McLaren Formula 1 team principal Andreas Seidl thinks it is too early for his team to challenge Mercedes and Red Bull in 2021, despite finishing third in the constructors' championship.
The Woking-based outfit pipped rival Racing Point for the best-of-the-rest slot behind the top two teams in the F1 season finale in Abu Dhabi last weekend, where Lando Norris and Ferrari-bound Carlos Sainz Jr finished fifth and sixth respectively.
It's best result since 2012, coming on the same weekend that the team announced a £185 million new investment deal with an American consortium, comes amid suggestions that McLaren could make a big step forward as it switches from Renault to Mercedes engines next season.
But Seidl is cautious about expecting too much from the team next year, as he says the team must accept the two outfits ahead of it are still a step clear.
"I think we need to stay realistic," he said.
"Despite the good result we have this weekend and, despite the great outcome for us in the championship side, with P3, I think we know exactly where we are.
"There's still a huge gap to the cars in front, especially the Mercedes car."
Seidl does take huge encouragement from the progress that McLaren was able to make with its MCL35 this year, as well as the way in which it executed race weekends and dealt with an aggressive update strategy.
Norris finished on the podium in the season-opening Austrian Grand Prix, while Sainz was a close second in the topsy-turvy Italian Grand Prix having run second on merit in the early stages.
However, with McLaren openly admitting that it needs to improve its wind tunnel, simulation facilities and simulator, Seidl thinks it will take a few years before it can hope to fight for titles again.
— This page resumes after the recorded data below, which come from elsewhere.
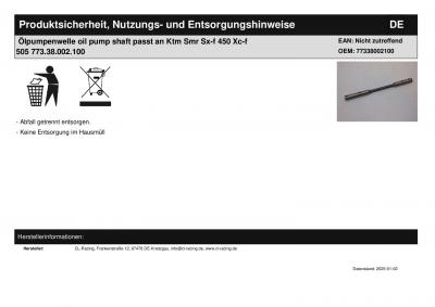 Titel: | Ölpumpenwelle oil pump shaft passt an Ktm Smr Sx-f 450 Xc-f 505 773.38.002.100 |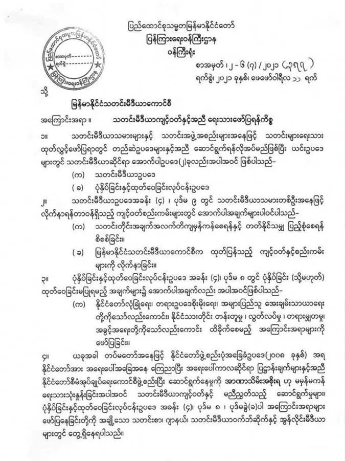 แถลงการณ์ดังกล่าวที่ลงวันที่ 11 กุมภาพันธ์ เรื่อง “จรรยาบรรณการรายงานข่าวของสื่อ” โดยประเด็นสำคัญระบุว่า การเรียกรัฐบาลทหารเมียนมาว่า “รัฐบาลรัฐประหาร” นั้นเป็นการผิดจรรยาบรรณสื่อ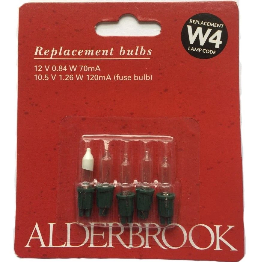 Pack of 4 spare replacement clear fairy lamps. Consumer code W4. Spare fuse bulb also included.
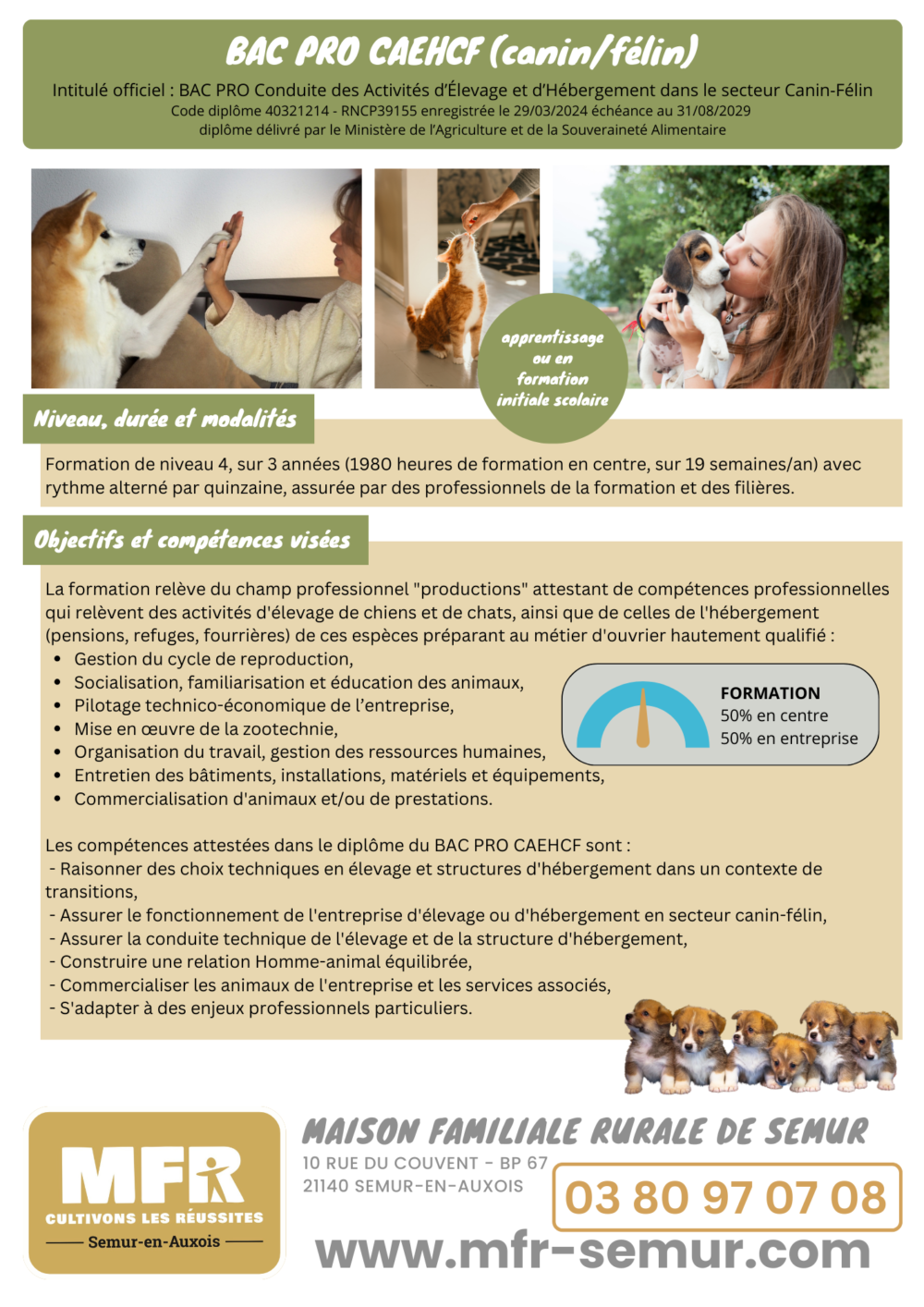 – en organisant des forums d’orientation au CFA MFR de Semur en Auxois : table ronde avec nos anciens diplômés, représentants tous les métiers de la filière chien/chat et solutions de poursuite de parcours (métiers de la défense, de la police, de la sécurité, de la prévention, de l’assistance…).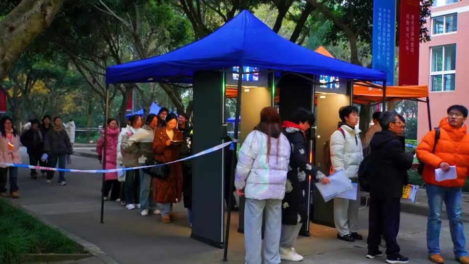 本次研招考试,三亿网考点严格落实上级要求,将考务工作的重心放在试卷保密以及考务安全上,构建了“六位一体”立体防护网,实现智能安检门全配备,两校区考点共配备11台智能安检门、设置了41个电子设备存放点(包括考务人员专用、研考考生专用、应急存放点)、两校区的每个考室均覆盖有手机 5G 信号屏蔽,共计设备100台,坚持人防、技防相结合,大力防范考试作弊,特别是 5G手机作弊行为,积极与移动运营商密切配合,采取多种手段防范高科技作弊情况的发生,有效确保了手机等电子信息设备“带不进、用不了、传不出”,从而实现“平安研考”;会同公安部门,加强试卷运输与存放管理,严格按照工作要求对保密室开展24小时4人不间断安全值守;考点各楼宇、楼层间配备有无线对讲机,供考点考务办公室、楼层工作人员、考务指挥中心、考点保卫、医务室沟通联系。确保考点组织实施工作安全平稳。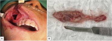 Se planifica biopsia incisional con hipótesis diagnóstica de queratoquiste odontogénico. Bajo sedación y anestesia local se realiza acceso transoral vestibular maxilar, con buen plano de clivaje, ya que, la membrana no se disgrega y se realiza exéresis aparentemente completa de la lesión, finalmente se realiza aseo de lecho óseo e instalación de cánula de descompresión (Figura 2).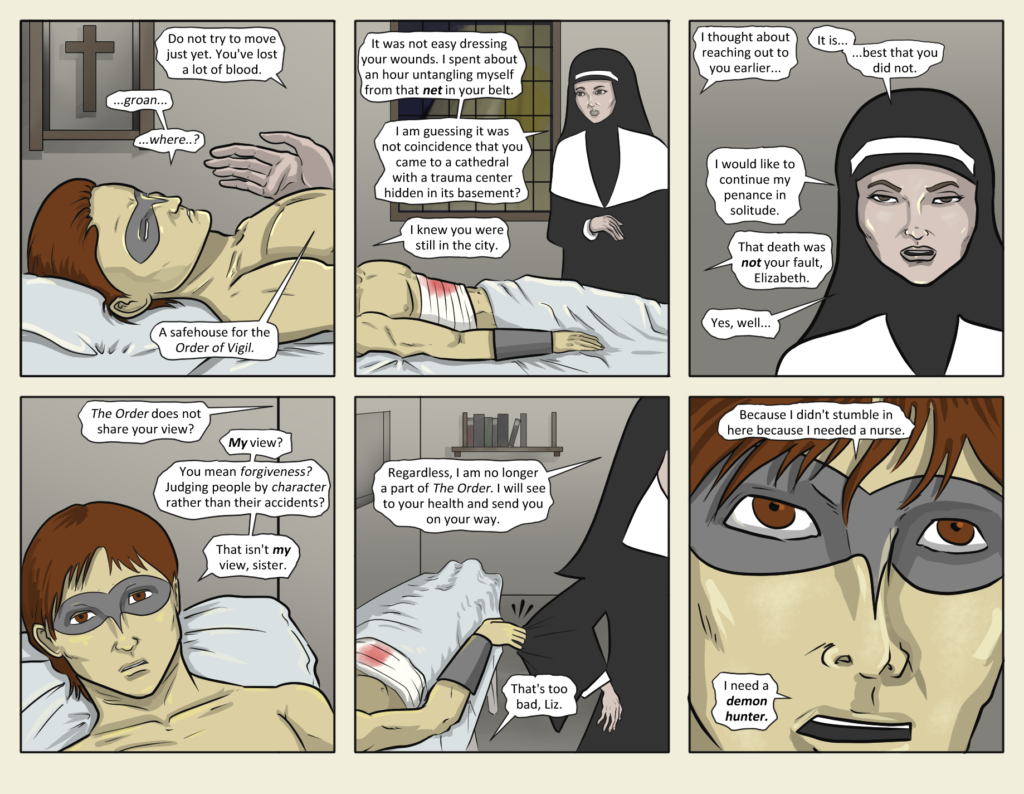 I thought for sure a bunch of readers would have chimed in last week, “Hey, a nun! There was a nun in this comic previously! That must be so-and-so!” For those of you that just now realize who she is…[…]↓ Read the rest of this entry…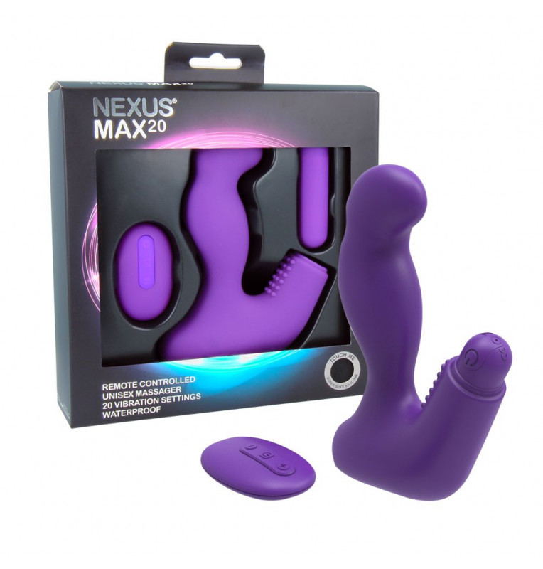 Фиолетовый вибромассажёр простаты NEXUS MAX 20 выполнен из гипоаллергенного силикона. В комплекте идёт съемная перезаряжаемая водонепроницаемая вибропуля с 20 режимами вибрации, управлять которой можно при помощи дистанционного пульта. Рабочая длина - 10 см.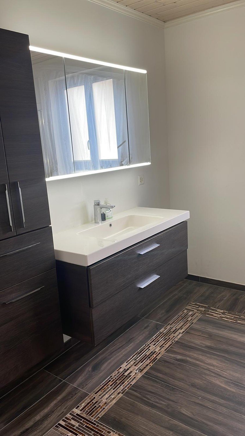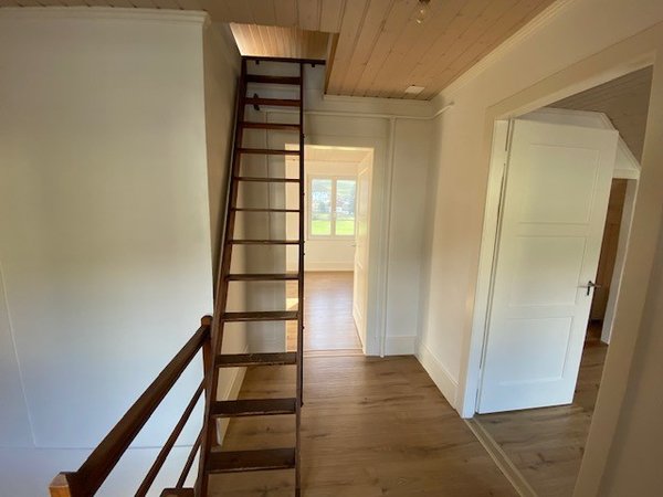 Sa surface habitable d’environ 120 m2 est idéalement répartie sur deux niveaux, avec un vaste espace supplémentaire dans les combles. Rez-de-chaussée :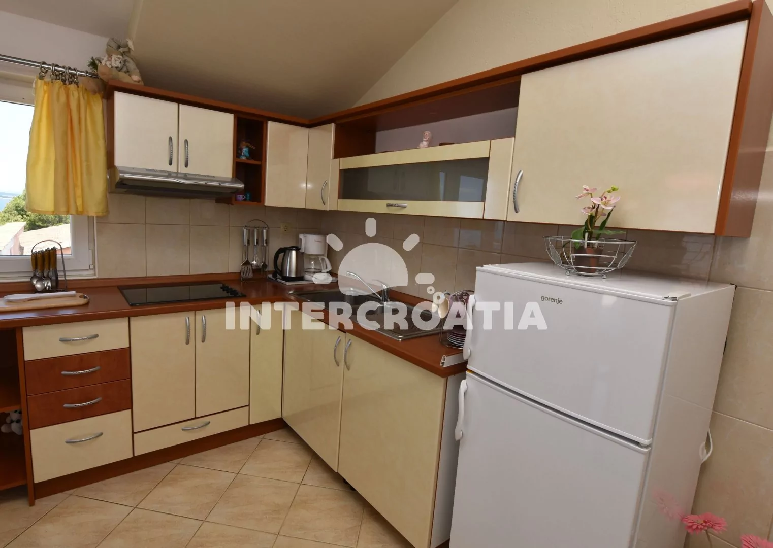 Podkrovní apartmán (55 m2) s terasou, posezením a výhledem na moře. Apartmán má 2 ložnicemi a je vhodný pro 4 osoby. Obývací pokoj je spojený s kuchyní. Kuchyňská linka je vybavena sklokeramickou…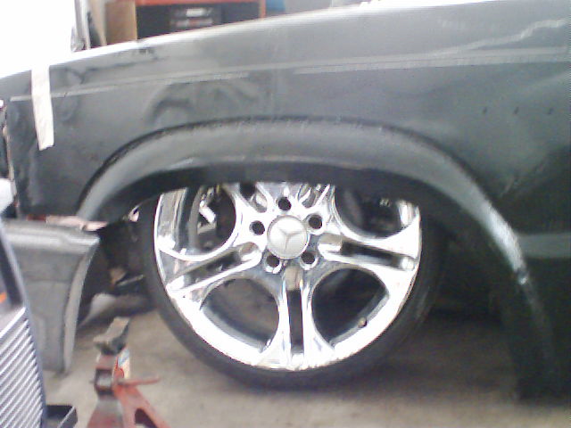 everything is shaved. the bed was shortend 28" for the blazer roof. suicide doors and reverse tilt hood and a shaved fire wall. the fenders were flared 3" to clear the wheels so i can turn all the way down. they are not 4x4 fenders!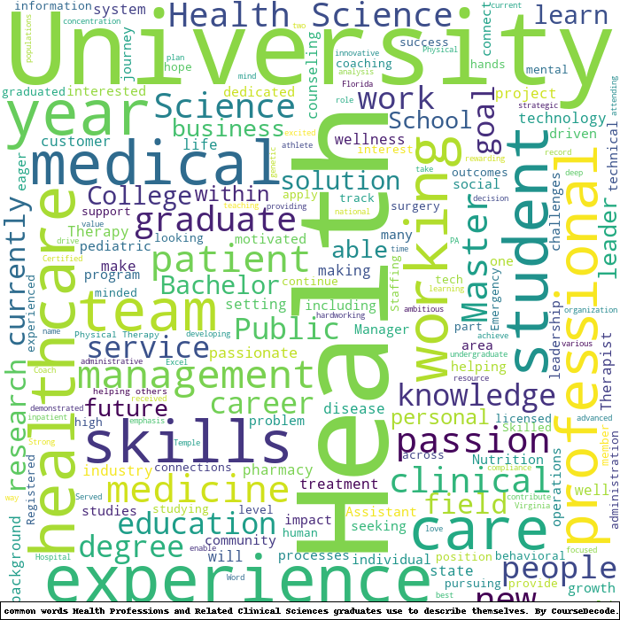 Here is a visual representation of the most common words seen in the "about" section of LinkedIn profiles who have a Bachelor degree in Health Professions and Related Clinical Sciences. This may or may not be useful: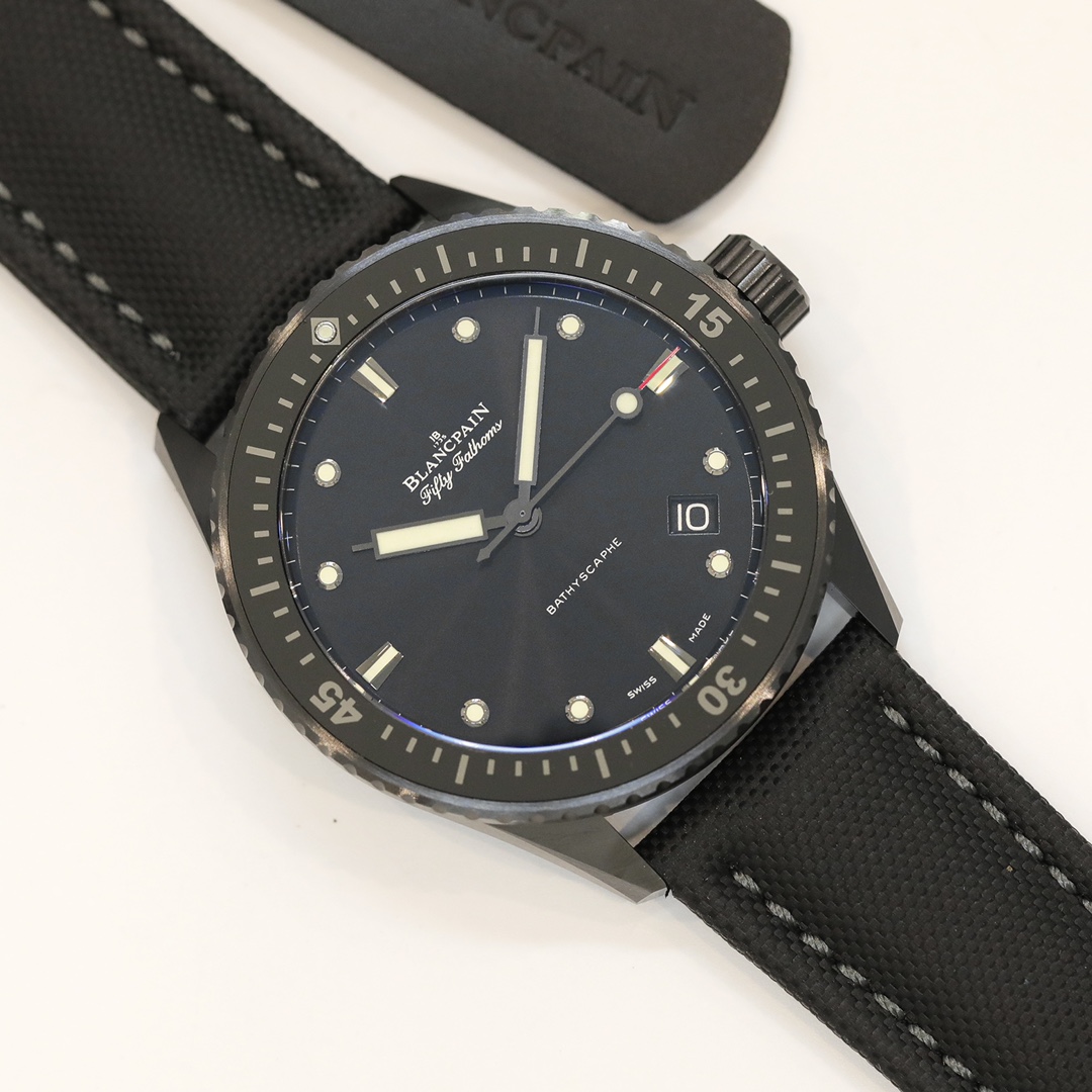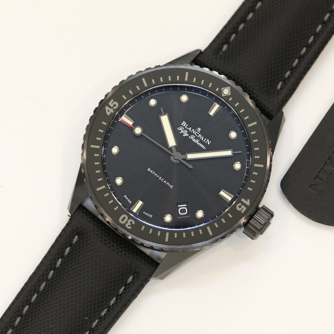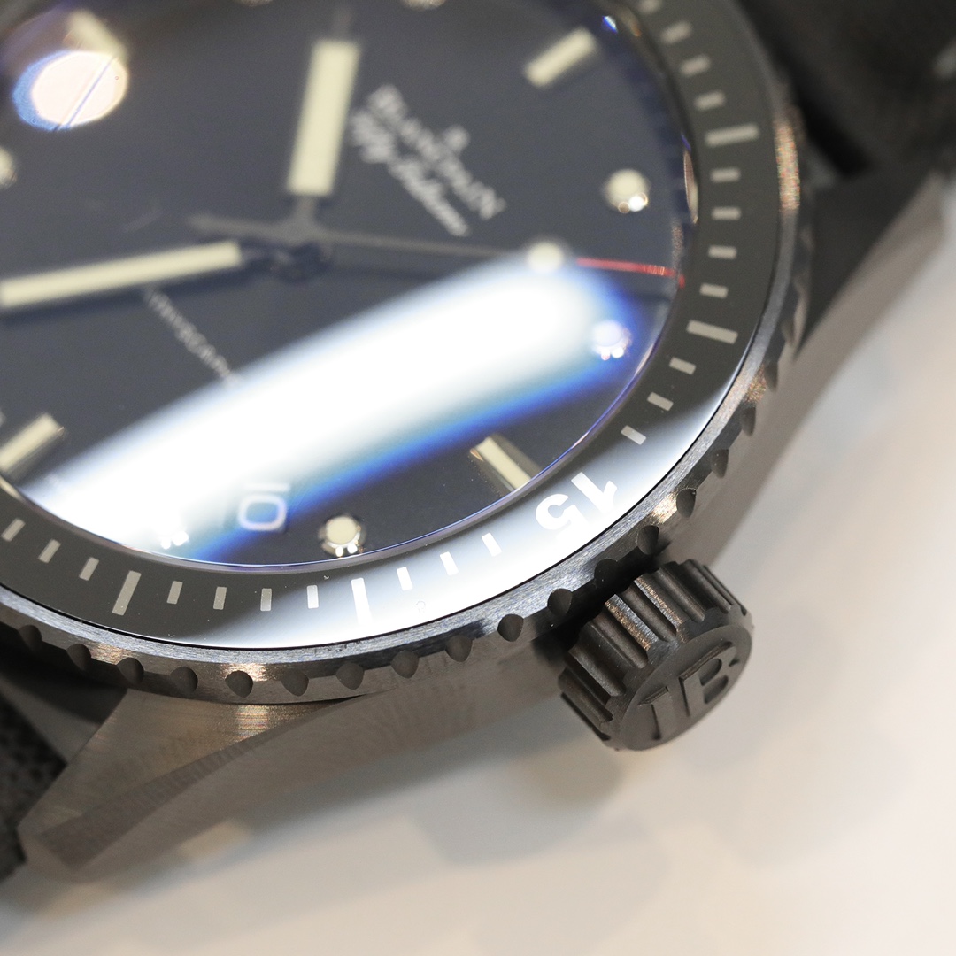 【GF Black Technology】Blancpain Fifty Fathoms 43.6mm Men’s Watch—High-tech satin-finished black ceramic features a brilliant luster, high hardness, colorfastness, stain resistance, and exceptional durability.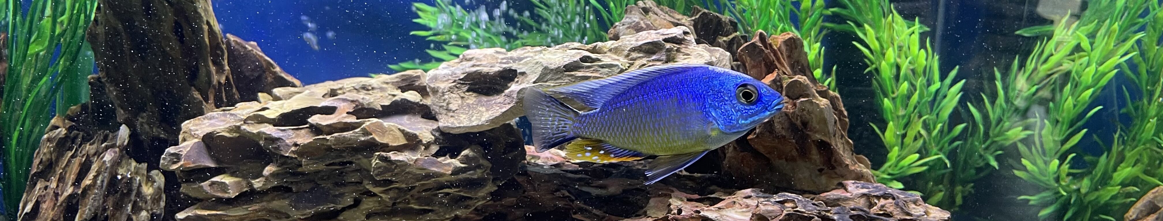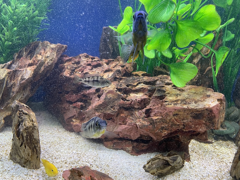 The Taiwan Reef is the star of our 75 gallon aquarium. The male, pictured here, is “The Tank Boss”. Breeding pair. Female has eggs in her mouth.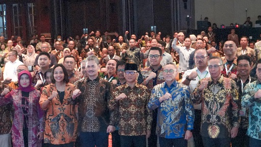 Para petinggi Pelindo dan anak perusahaan, pengusaha/ stakeholder, pimpinan instansi terkait kepelabuhanan, Kemen.Desa dan PDT menyaksikan penerimaan Awards 2025 PT. TTL. (Foto: Ist/Ak)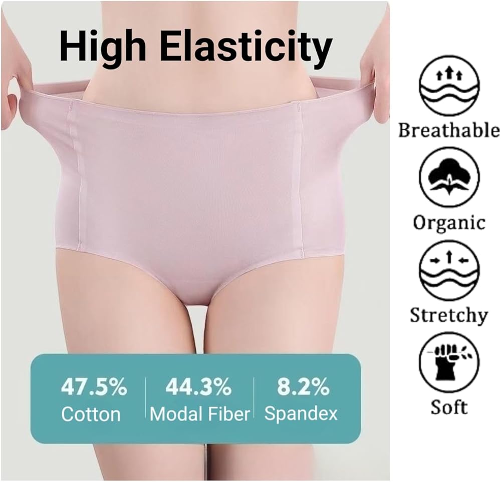 STRETCHY COVERED WAISTBAND: Soft stretchy fabric covered waistband sits right at the waist. No rolling or bunching, with no compression but perfectly snuggish. The high rise underwear offers moderate tummy support and reduces the appearance of muffin top.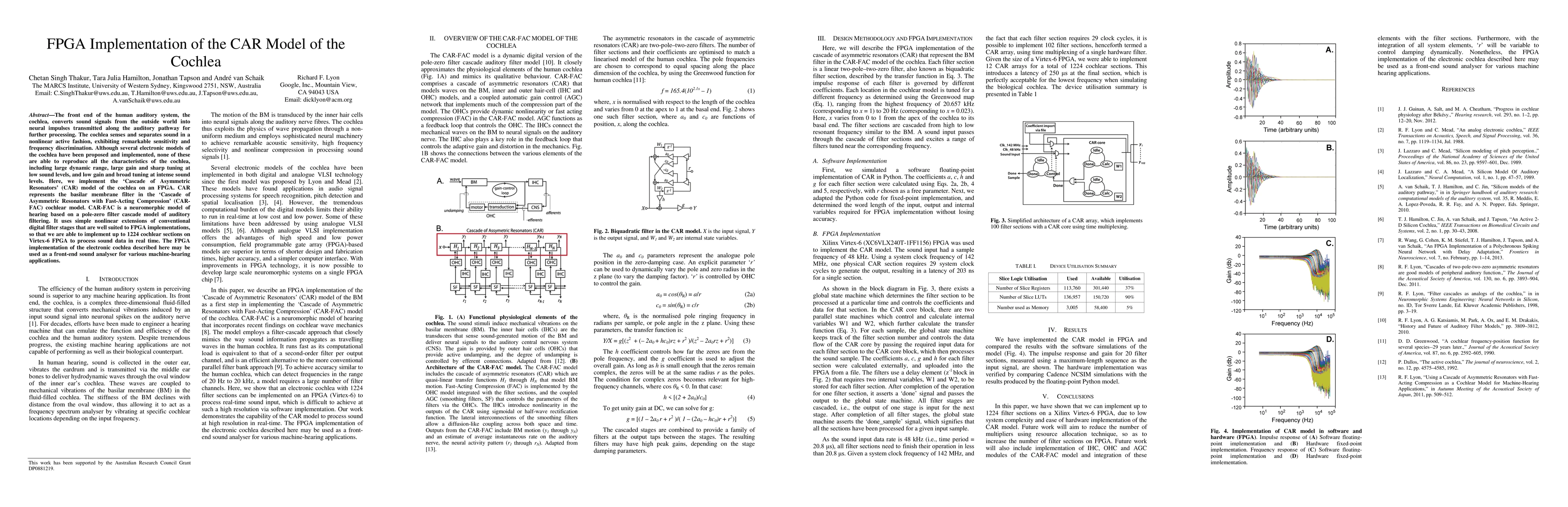 This paper presents an FPGA implementation of the CAR model of the cochlea, aiming to replicate the cochlea's complex auditory filtering characteristics. The Cascade of Asymmetric Resonators (CAR) model, implemented on a Virtex-6 FPGA, processes sound data in real time, potentially serving as a front-end sound analyser for machine-hearing applications.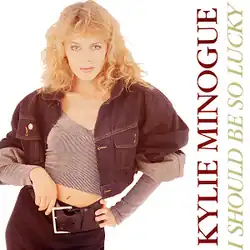 "I Should Be So Lucky" is a 1987 song performed by Australian singer and songwriter Kylie Minogue from her debut studio album, Kylie (1988). Released on 29 December 1987 by Mushroom Records and PWL Records, the song became a worldwide breakthrough hit. The image of Minogue on the front cover of the single was shot by David Levine. The song was written and produced for Minogue by Stock Aitken Waterman, who went on to produce Minogue's initial four studio albums.
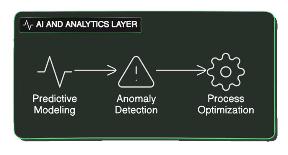 Advanced analytics and machine learning capabilities are offered by the AI and analytics layer. By utilizing high-quality data, it permits anomaly identification, process improvement, and predictive modeling.

"I think the most important thing is to first of all see that the team this year, under the leadership of [technical director] James Key, has produced a very competitive car," he explained.
"It is a step forward compared to last year.
"It was great to see also that despite all these challenges in the pandemic, the team kept pushing flat out back home in engineering and in production to continuously bring updates to the track, which in the end kept improving the performance of the car.
"And of course it's a great finish to the season, knowing that at this track, at this specific event, we had the third fastest car.
"But still, we know what the gap to Mercedes is. It is not something we will close from one year to the next year.
"We still know that we have a lot of deficits within the team in terms of organisation, in terms of infrastructure, which we need to close first.
"But again, we have a clear plan of how we want to reduce these deficits.
"It will take time. But I'm confident that if we do the right things on the team side, we can close these gaps in some years."